Not a single drop of water that falls from the sky should be allowed to flow into the sea without first serving man. The words are attributed to Parakramabahu I, the twelfth-century king who transformed Polonnaruwa from a regional capital into the seat of an island empire. The ambition behind that statement - total mastery of land and resource - defined the kingdom he built. The Parakrama Samudra, a massive reservoir he ordered constructed, still holds water today, eight centuries after the kingdom that created it collapsed. Polonnaruwa was Sri Lanka's second great capital, succeeding Anuradhapura after Chola invaders from southern India brought the first kingdom down. What rose in its place was not merely a replacement but an expansion - a Sinhalese kingdom that would reach across the sea to wage war on the Indian mainland.
The story begins with a defeat. In the late tenth century, Chola kings from southern India conquered Anuradhapura, Sri Lanka's ancient capital, and shifted the island's administrative center to Polonnaruwa - a more strategically defensible location in the dry zone interior. For decades, Sinhalese rulers fought to reclaim their sovereignty. King Vijayabahu I finally drove the Cholas out in 1070, establishing the Kingdom of Polonnaruwa and restoring Sinhalese rule over the island. Vijayabahu chose to keep Polonnaruwa as his capital rather than return to Anuradhapura, recognizing its advantages: proximity to the eastern ports, natural defenses, and the agricultural wealth of the surrounding plains fed by ancient irrigation systems.
Parakramabahu I, who reigned from 1153 to 1186, was the kingdom's most ambitious ruler. He unified the entire island under one crown for the first time - no small feat in a land where regional lords had long maintained semi-independent power. Then he looked beyond Sri Lanka's shores. His armies intervened in a civil war in the Pandya country of southern India, seizing Pandya Nadu and establishing military administration alongside the allied Vira Pandyan. His currency, the Kahapana, was struck in Indian territories. Rameshwaram came under joint Sinhalese and Pandyan rule. But the expansion overreached. The Chola empire struck back, and by 1182, Polonnaruwa's forces had been driven from the Indian mainland - Chola records describe Sinhalese soldiers fleeing into the sea. The overseas adventure ended in humiliation, though the domestic achievements endured.

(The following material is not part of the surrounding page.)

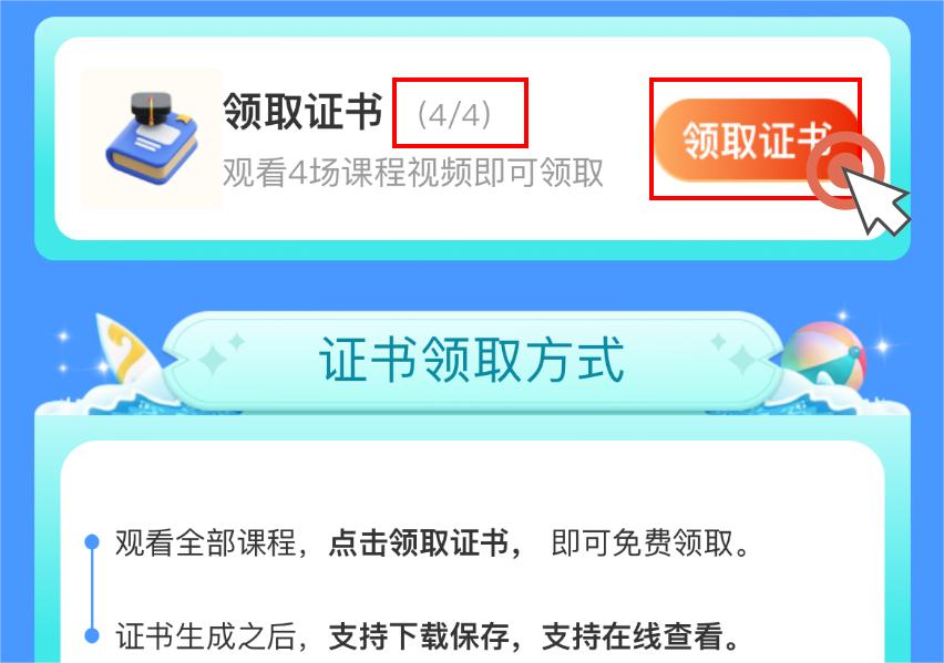 ④完成4场课程视频学习,点击领取证书

Parakramabahu's greatest legacy was not military but hydraulic. The Parakrama Samudra - the Sea of Parakrama - is one of the largest ancient reservoirs in the world, an engineering project that transformed the dry zone landscape into productive farmland. The kingdom's wealth flowed from these irrigation works, which supported the rice agriculture that fed a sophisticated urban civilization. Polonnaruwa itself became a city of remarkable architecture: the Vatadage, a circular relic house of extraordinary stone carving; the Gal Vihara, where four enormous Buddha figures were carved from a single granite face; the Lankatilaka, a towering brick temple. The artistic and architectural achievements of the Polonnaruwa period represent a high point in Sri Lankan civilization.

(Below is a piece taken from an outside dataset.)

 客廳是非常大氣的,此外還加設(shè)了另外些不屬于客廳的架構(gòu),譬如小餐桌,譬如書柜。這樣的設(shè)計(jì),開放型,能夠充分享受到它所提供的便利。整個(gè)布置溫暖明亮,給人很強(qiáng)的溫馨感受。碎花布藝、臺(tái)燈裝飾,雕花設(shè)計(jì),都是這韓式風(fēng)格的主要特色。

The kingdom did not die in a single blow but unraveled over decades. After Parakramabahu I, the royal court descended into factional warfare - competing claimants backed by Pandyan and Kalinga factions tore at the fabric of centralized rule. Nissanka Malla, who reigned from 1187 to 1196, attempted to revive the kingdom's grandeur, but his successors lacked the capacity to hold it together. In 1215, Kalinga Magha, an invader from the Eastern Ganga Dynasty, captured Polonnaruwa. His reign was brutal enough to drive the Sinhalese court southward, abandoning the dry zone capitals permanently. The great city fell silent. Jungle reclaimed the reservoirs and temples. It was not until British-era archaeologists arrived in the nineteenth century that the scale of what had been built - and lost - began to emerge from the undergrowth.
Located at 7.93°N, 81.00°E in Sri Lanka's North Central Province. From altitude, the most visible landmark is the Parakrama Samudra - the massive ancient reservoir west of the ruins, appearing as a large lake. The ancient city ruins spread north of the modern town. The terrain is flat dry zone, contrasting with the central highlands visible to the southwest. Nearest airports include China Bay at Trincomalee (VCCT) approximately 100 km north. Colombo Bandaranaike International Airport (VCBI/CMB) is approximately 220 km southwest. The landscape bears the fingerprints of ancient hydraulic engineering - tanks, canals, and reservoirs visible from even moderate altitude.